Nagle usłyszałem kroki na korytarzu. Odwróciłem się. Anastasia.
Włosy miała w totalnym nieładzie. Miała na sobie brudne i pogniecione ubrania. Nie było śladów makijażu. Miała spuchnięte, czerwone oczy. Była blada. W dłoniach niosła kawę.
-Kiedy ostatnio spałaś?- Pytam.
Anastasia podchodzi do szyby i wpatruje się w siostrę.
-Powiedz, że z tego wyjdzie. Musi wyjść- mówi drżącym głosem.
-Uda jej się. Jest silna, na pewno jej się uda- mówię próbując przekonać bardziej siebie niż ją.




Gdy tylko usłyszałam o tym wypadku wsiadłam w pierwszy samolot do Ross City. Na miejscu spotkałam się z młodszym bratem Daniela. Razem próbowaliśmy wejść do jego pokoju. Pielęgniarka za każdym razem nas wyrzucała, po piątej próbie postawiła przed drzwiami ochroniarza. W końcu Eden poszedł do domu. Zostałam i siedziałam w poczekalni. Chciałam zachować kamienną twarz, tak jak zawsze to robiłam. Ale nie umiałam. Łzy były coraz bliżej, warga mi drżała.

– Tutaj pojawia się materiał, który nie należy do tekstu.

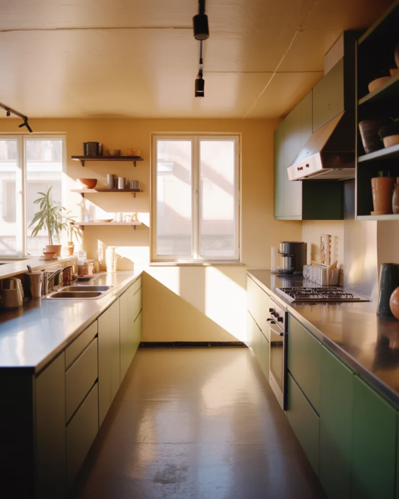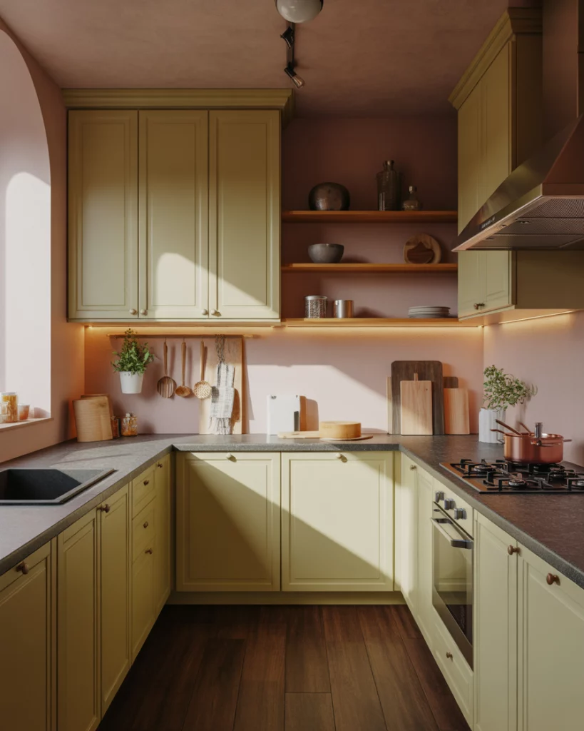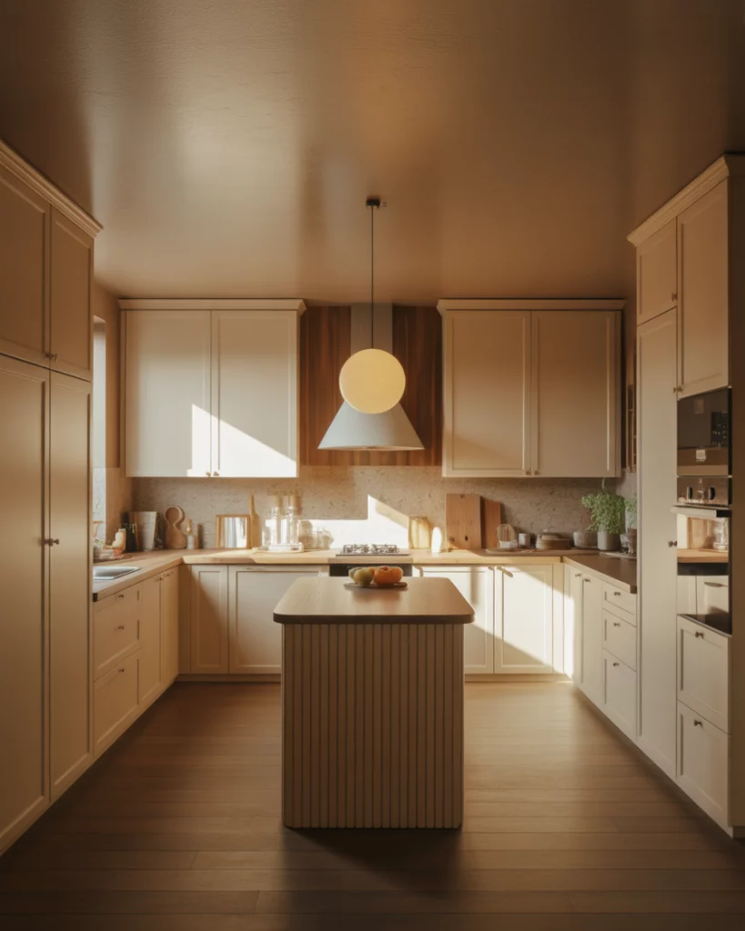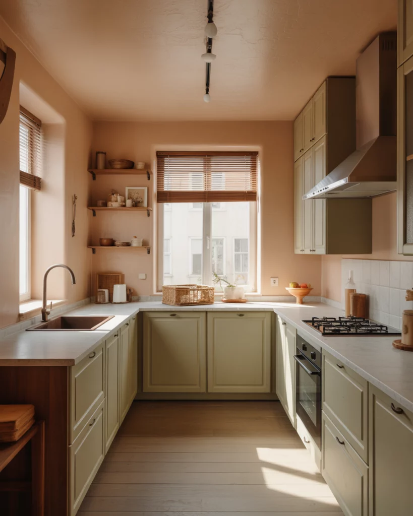 A U-shaped plan allows everything to sit within reach, creating an intuitive workflow. It suits medium-sized homes where maximizing prep and storage matters. Adding touches like flexible plans, a compact corner sink, or layered lighting ensures the shape feels grounded while still allowing plenty of breathing room. American lifestyle context: many suburban homes rely on U-shaped kitchens because they separate cooking, cleanup, and storage zones naturally. The setup also supports multitasking, from morning meal prep to supervising homework at the counter.
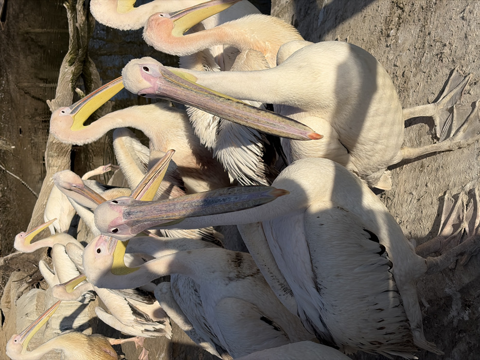 - "A group of approximately 10-15 pelicans, likely Great White Pelicans, are congregated on a dry, earthen bank beside a body of water" by FM-fHMy02, licensed under CC BY 4.0
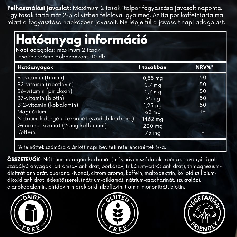 Nátrium-hidrogén-karbonát (más néven szódabikarbóna), savanyúságot szabályó anyagok (citromsav anhidrát, borkősav, trikálium-citrát anhidrát), trimagnézium-dicitrát anhidrát, guarana kivonat, citrom aroma, koffein, maltodextrin, kolloid szilícium-dioxid anhidrát, édesítőszerek (nátrium-ciklamát, nátrium-szacharinát, szukralóz), cianokobalamin, piridoxin-hidroklorid, riboflavin, tiamin-mononitrát, biotin.

Nie mogę go stracić. Nie ponownie. Ochroniarz mnie rozpoznał.
-Ty jesteś June Iparis?- Spytał.
-Tak- odpowiedziałam.
-Ten tam, to ten twój chłopak?
-Właściwie, to nie jesteśmy razem. Daniel... Nie pamięta nic z trzech lat które spędziliśmy razem, w tym mnie. Jestem dla niego obcą osobą.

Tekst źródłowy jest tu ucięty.